My (Benjamin Dayan's) master's thesis at ETH, under the supervision of Marc Kaufmann, Ulysse Schaller, Prof. Dr. Johannes Lengler and Prof. Dr. Angelika Steger
benji_src
├── do_*.py # scripts / experiments, e.g. do_MCMC_ordered.py fits GIRG node locations for a real graph by iterative improvement
├── notebooks/*.ipynb # many messy jupyter notebooks for testing code and some data analysis
├── tests/*.py # dearth of tests
...
└── benji_girgs # Main python backbone for functions and tools
├── fitting.py # DEPRECATED attempts to fit a GIRG to a real graph
├── generation.py # generating GIRGs (cube/torus, max norm / MCD etc.).
Also Chung-Lu generation/fitting, power law distributions.

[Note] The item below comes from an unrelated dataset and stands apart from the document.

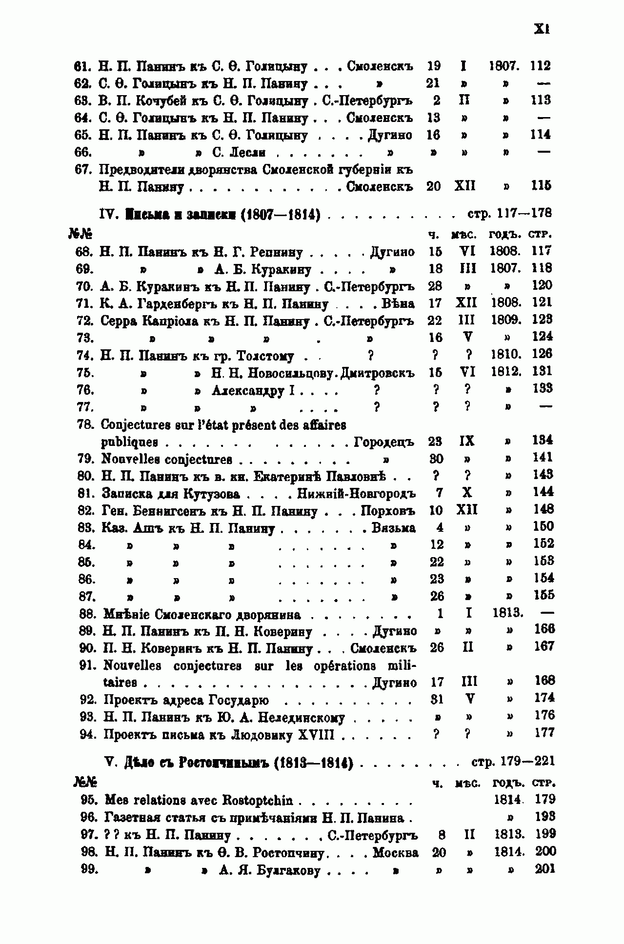 По поручению внучки Н. П. Панина, княгини М. А. Мещерской, А. Г. Брикнер с 1886 г. начал собирать и публиковать материалы для биографии графа. Последний, седьмой, том материалов посвящён частной жизни Панина с 1802 г. до его кончины в 1837 г. Здесь собраны сведения о путешествии графа в Финляндию в 1802 г.; о путешествии по Европе и окончательной опале (1802 – 1804); об участии в устройстве ополчения в Смоленской губернии (1806 – 1807); о деле с Ростопчиным (1813 – 1814); о жизни в Дугине (1816 – 1837), а также различные письма и записки. Большая часть документов написана по-французски.

generate_GIRG_nk is the main omni-function for generating a GIRG
├── graph_kernels.py # testing out graph kernels to distinguish graphs
├── mcmc.py # iteratively refining GIRG fit point locations: MCMC / likelihood maximisation
├── plotting.py # plotting graph node degree distributions with their power law fit tails
├── points.py # classes for different distance functions: Max, MCD, Boolean mixed, distorted
└── utils.py # Utils for working with graphs. Including diffusion maps for initial node location estimates
thesis/ # thesis report latex
nemo-eva/ # Modified Bläsius et al. framework
girg-sampling/ # Python wrapper of Bläsius et al. C++ GIRG generation code
The first half of the thesis is extending the framework of Bläsius et al. to include a range of GIRG variants. Modified framework source code is in nemo-eva
Thomas Bläsius, Tobias Friedrich, Maximilian Katzmann, Anton Krohmer and Jonathan Striebel
Towards a Systematic Evaluation of Generative Network Models
15th Workshop on Algorithms and Models for the Web Graph (2018)
Part of the Lecture Notes in Computer Science book series (LNCS, volume 10836)
We also make use of a Bläsius linear time GIRG generating code in C++, in combination with our own derived algorithms for sampling a cube GIRG and Boolean / MCD GIRGs
Bläsius, T., Friedrich, T., Katzmann, M., Meyer, U., Penschuck, M., & Weyand, C. Efficiently generating geometric inhomogeneous and hyperbolic random graphs
os.environ[DATA_PATH]
is location of the folder containing socfb-*
graphs
Main framework experimental results run in benji_src/do_feature_extract.py: Fitting different generative models to real graphs, generating a mirrored synthetic graph dataset, and recording features of all real and generated graphs is done by FeatureExtractor
class in nemo-eva/src/feature_extractor.py. We have modified this class to additionally include GIRG fitting and generation.
The extracted features are then cleaned in nemo-eva/src/feature_cleaner.py, and a real/synthetic classifier trained and evaluated on each feature set and generative model combination in nemo-eva/src/main.py.
The experiments were run on the ETH Zurich Euler cluster, which has Intel(R) Xeon(R) CPU E3-1284L v4 @ 2.90GHz
cpus, generally requesting 10-12 CPUs and 16-24 GB of RAM, and taking a couple of hours to a day or two to complete (FeatureExtraction - cleaning and classification is much faster).
Main point fitting experiments run in benji_src/do_MCMC_ordered.py: Using a diffusion map initial estimate of GIRG node locations, and then iteratively improving locations by ordered likelihood maximisation.
The final fit point locations are saved, for later edge accuracy metric analysis.